**Aim of the exercise:**
Produce a word-for-word copy of the lines from the one that contains "Micro Luggage is" to the final line of the data below, with all pictures dropped.

**Dataset content:**
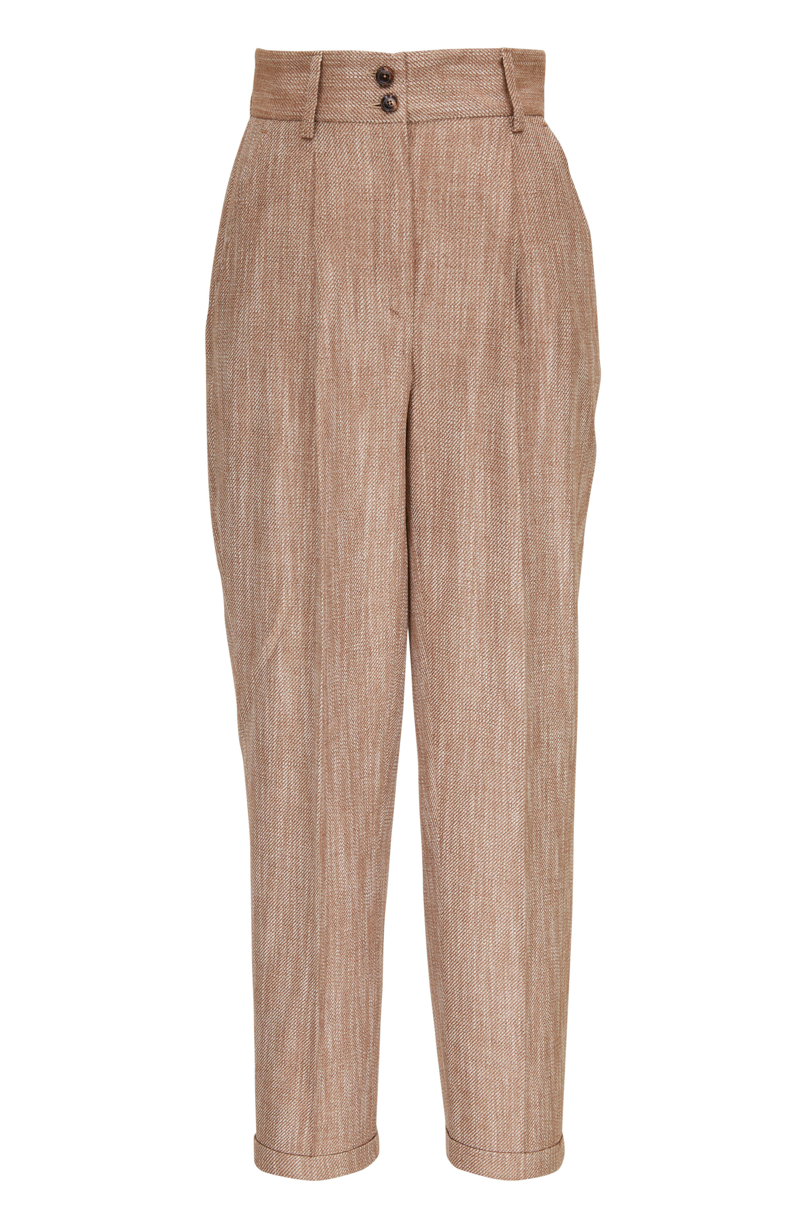 Linen/silk blend. Belt loops. Zip fly; double button closure. Back besom pockets. Folded cuffs. Made in Italy. Dry clean.
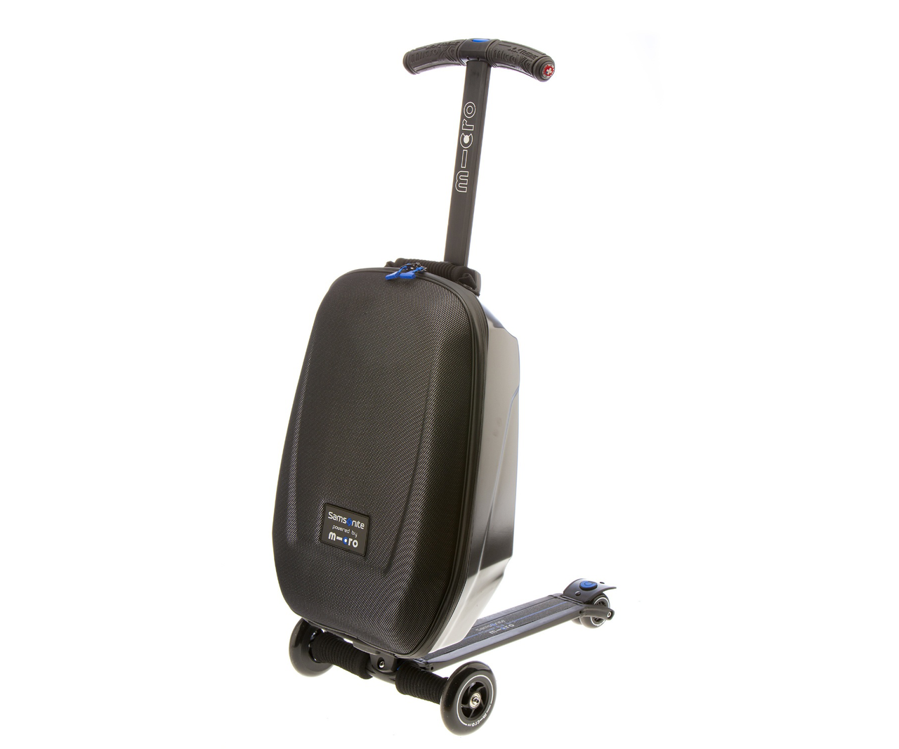Micro Luggage is the innovative new luggage that moves you! A modular luggage system was the vision - the result is an ultra cool case with scooter attached, providing maximum flexibility that lets you Pull, Fold, Ride, and get to the gate on time. The quality hard-shell case has cabin-size dimensions for fast and easy boarding and storage. Thanks to the running board, handlebars and smooth-gliding Italian-made wheels, micro luggage can also be used as a means of transport. The modular structure makes it ideal for use as a carrier bag, trolley and last but not least, as a kickboard with case (the case cannot be dismantled). Be prepared to feel like a rock star as you travel through the airport. This one is strictly for high flyers!
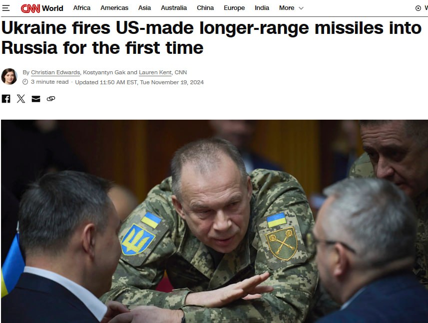 Заявляється, що удар завдався "в рамках нової політики США, яка більше не накладає на Україну заборону застосовувати американські далекобійні ракети з метою Росії".

**Result of this exercise:**
Micro Luggage is the innovative new luggage that moves you! A modular luggage system was the vision - the result is an ultra cool case with scooter attached, providing maximum flexibility that lets you Pull, Fold, Ride, and get to the gate on time. The quality hard-shell case has cabin-size dimensions for fast and easy boarding and storage. Thanks to the running board, handlebars and smooth-gliding Italian-made wheels, micro luggage can also be used as a means of transport. The modular structure makes it ideal for use as a carrier bag, trolley and last but not least, as a kickboard with case (the case cannot be dismantled). Be prepared to feel like a rock star as you travel through the airport. This one is strictly for high flyers!
 Заявляється, що удар завдався "в рамках нової політики США, яка більше не накладає на Україну заборону застосовувати американські далекобійні ракети з метою Росії".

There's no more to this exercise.